Transparenz und Beteiligung unabdingbar für Gelingen einer Novellierung des Jugendmedienschutzstaatsvertrags

Quelle: Hofschlaeger, pixelio.de

„Für uns GRÜNE ist die entscheidende Voraussetzung für die Novellierung des  Jugendmedienschutzstaatsvertrags (JMStV) ein transparentes, breites und ergebnisoffenes Beteiligungsverfahren, wie dies auch im rheinland-pfälzischen Koalitionsvertrag 2011 vereinbart worden ist. Insofern ist der Beschluss der Rundfunkkommission der Länder als positiv zu bewerten, der ein solches Beteiligungsverfahren vorsieht, das mit dem heutigen Tag startet.

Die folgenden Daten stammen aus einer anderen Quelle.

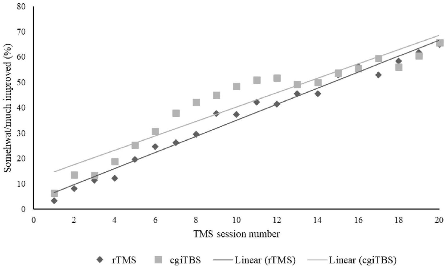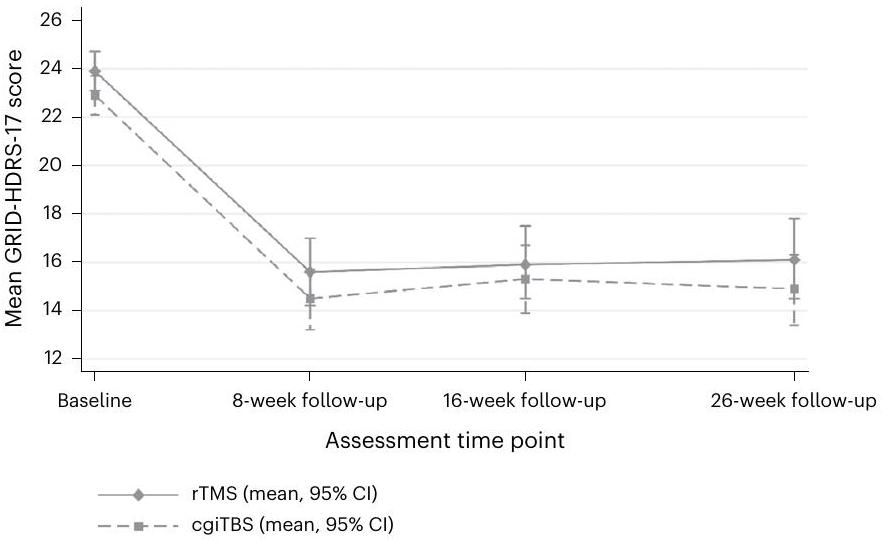 بعد 8 أسابيع من التوزيع العشوائي، أظهرت كلا مجموعتي العلاج انخفاضًا سريريًا كبيرًا ( (المرجع 26)، rTMS 8.3، cgiTBS 8.4) في متوسط درجات GRID-HDRS-17 التي تم الحفاظ عليها عند 16 أسبوعًا (rTMS 8.0، cgiTBS 7.6) و 26 أسبوعًا (rTMS 7.8، cgiTBS 8.0؛ الجداول 2 و 3 والشكل 2).

Mit dem gescheiterten Versuch der Novellierung von 2010 ist bei den Menschen, die beruflich, ehrenamtlich oder privat mit den neuen Medien arbeiten, viel Vertrauen in die Politik zerstört worden. Aus diesem Scheitern müssen wir lernen. Nur wenn die Bundesländer in dem neuen Prozess das Misstrauen abbauen können, kann eine Neuauflage des JMStV gelingen und Akzeptanz finden.

Dafür ist essentiell, dass das Beteiligungsverfahren mehr als eine Alibiveranstaltung wird. Entscheidende Kriterien dafür sind:

Transparenz: Das Beteiligungsverfahren muss klar nachvollziehbar und für alle offen sein. Die Ergebnisse von Veranstaltungen und von digitalen Beteiligungsmöglichkeiten müssen anschließend dokumentiert und abgewogen werden. Auch die Abwägung muss transparent erfolgen und ebenfalls dokumentiert werden.

Ernsthafter Dialog: Das Verfahren muss – insbesondere in den interessierten Kreisen – aktiv beworben werden. Es muss sowohl online als auch offline eine Möglichkeit zum Dialog angeboten werden. Interessierten müssen ausreichend Informationen in verständlicher Form vorgelegt werden, damit ein Dialog auf Augenhöhe möglich ist. Für deren Stellungnahmen muss ausreichend Zeit bestehen.

Ergebnisoffenheit: Im Vorfeld muss klar sein, wie die Ergebnisse in die abschließende Entscheidung der Bundesländer über den Staatsvertrag einfließen. Die vorliegenden Eckpunkte für eine Neufassung des JMStV, die in der Rundfunkkommission am 12. März 2014 beschlossen wurden, dürfen dabei allenfalls als Diskussionsgrundlage dienen und müssen im Laufe des Beratungsverfahrens veränderbar sein.

Als GRÜNE Fraktion begleiten wir den begonnenen Prozess in diesem Sinne gerne konstruktiv und fordern auch alle Interessierten auf, sich zu beteiligen.